Friday, July 25, 2008

Friday, July 18, 2008

alive

"Do you know what today is??" LG bellows from his office.
I roll back in my chair until I'm in his line of sight.
"Its July 18 - but other than that, no."

"Two years ago today I got run over by a Semi," he announces. "I just realized that when I wrote the date down. "

LG had a long, hard row of recovery to hoe. Just last fall he had to have another reparitive surgery on his leg, and there was a significant chance that it would have to be amputated. He works hard and plays hard, and his 6'5'' former basketball player's frame wasn't really given the time it needed to recover.

Now he is walking without his cane and (more significantly) without a limp.

"What are you doing tonight?" I holler back. "You definitely need to celebrate being alive."

Being alive is wonderful and probably the biggest thing I take for granted.

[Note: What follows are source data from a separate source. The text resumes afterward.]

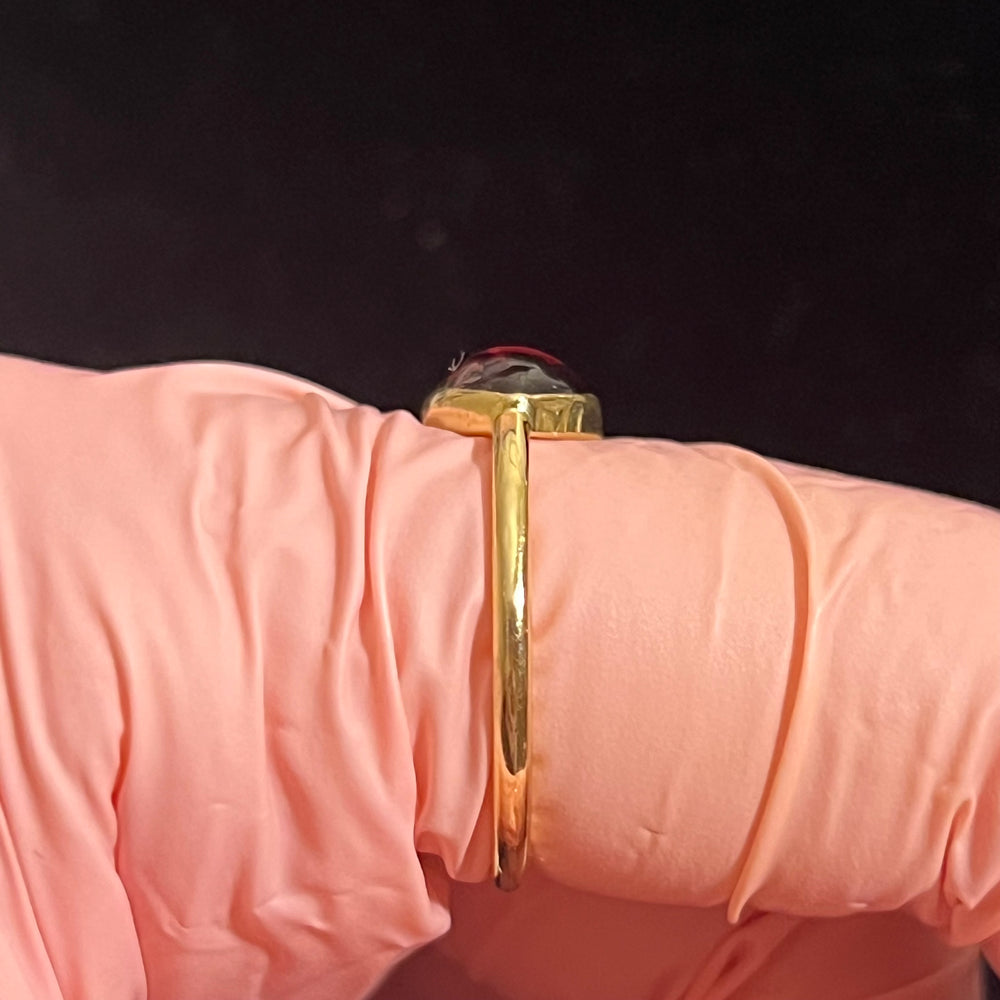 14k yellow gold, natural garnet cabochon, size 7, resizable for free, 1.1g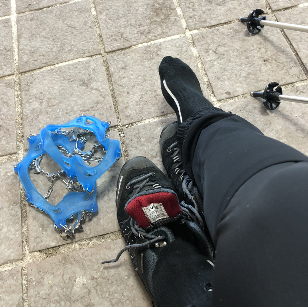 탐방로 입구에 도착하니 주차장은 이미 만차고, 여기저기에 아이젠과 스패츠를 착용하는 사람들 무리가 보여. 나는 간이 방석을 꺼내 일부러 털썩 주저앉았어. 아이젠을 낄 때도 스틱을 쭉 잡아 뺄 때도 손아귀에 힘을 줬지. 정말 오랜만의 겨울 산행이라 사실 조금 긴장 돼. 이럴 때 필요한 건, 가볍고 짧은 호흡, 후!
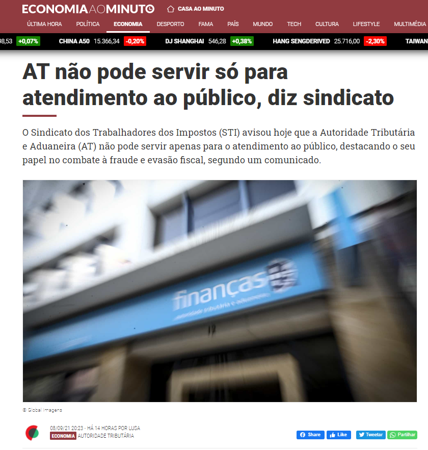 Em reação à entrevista à Lusa do subdiretor-geral da área da Relação com o Contribuinte da AT, Nuno Félix, onde este indicou que a AT respondeu, através do e-balcão, a mais de 700 mil questões no primeiro semestre deste ano, o que traduz uma subida de 250% face ao semestre homólogo de 2019, o STI diz que “isto mostra bem como os trabalhadores da AT se dedicam ao serviço público”.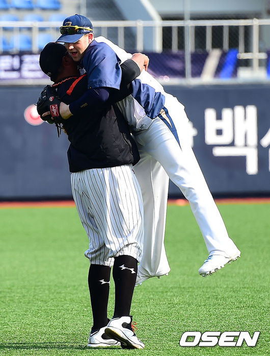9일 오후 경남 마산구장에서 열린 '2014 한국야쿠르트 세븐 프로야구' NC 다이노스와 롯데 자이언츠의 경기에 앞서 롯데 히메네스가 NC 에릭을 번쩍 들며 인사를 나누고 있다.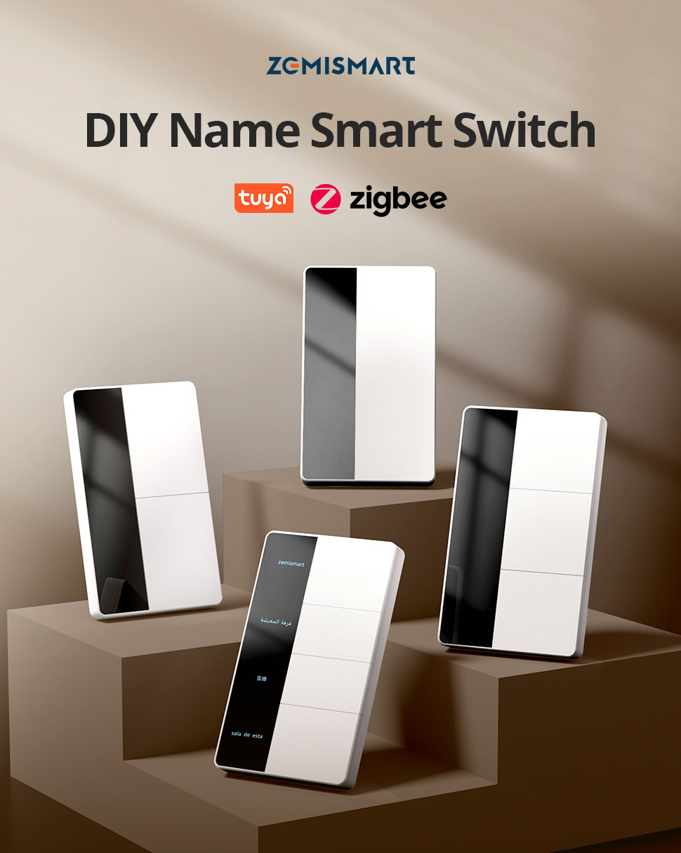 Zemismart DIY Name Smart Wall Switch Push Button 1 2 3 4 Gangs works with Tuya US Switch Smart Life Alexa Google Home SAA

Oftentimes we hardly stop to think about how close we all are to not being alive.
Being alive is pain, it is exhilaration, it is suffering, it is knowing love, joy, laughter, despair, and all of the myriad emotions in between those.

Tonight I think I'll celebrate being alive, too.

Friday, July 11, 2008

Paradoxical isn't it.

normally waiting for things to transpire causes a lot of angst and agony for me. By nature I am impatient. I already know that, don't have to keep realizing that about myself, and I never pray for patience because I don't want to have the trials of having to learn patience. In spite of this, God is teaching me to have patience anyway. I have spent the last three years since I graduated from college sort of floating around without any real direction. The direction I thought I was going in didn't pan out, for various and complicated reasons. I never really had a plan B so this left me mildly distraught when I actually sat down and thought about it.
Lately though, doors have been flung open for me. Clear indications of how to proceed. I am starting my Master's Degree this fall in Community Development at Eastern University. I didn't realize this, but my mom just told me that Eastern is the number 1 school in the country for Community Development! A fact she learned from a friend whose child was doing college research.
Currently my job is exceedingly boring and not challenging and at several points in the last year I tried looking for and applying for new jobs. However, things have shifted some because my work offers a tuition reimbursement program, and is generously contributing toward my Master's Degree. This is so amazing. I prayed that I would at least get a scholarship to fund my education and not have to shoulder the entire burden myself. Not only did I get a scholarship, but the tuition reimbursement came through, and they cover text books too, and the time off that I needed for my classes in September was approved as working time off, and I get to stay with my roommates friend in Philly and drive her old car instead of rent one! I mean talk about open door!
However, I don't necessarily have a real clear picture of how I'd like to apply this degree. Even though I'd love to have a nicely laid out 20 year plan, I am Trusting God for that.
I am letting go of the need to control and have it all laid out. It is not easy for me but the more that I am able to do that, the more excitement I feel about what lies ahead contrast to the worry and stress of needing to have a plan of action.

Paradoxical isn't it.

come again?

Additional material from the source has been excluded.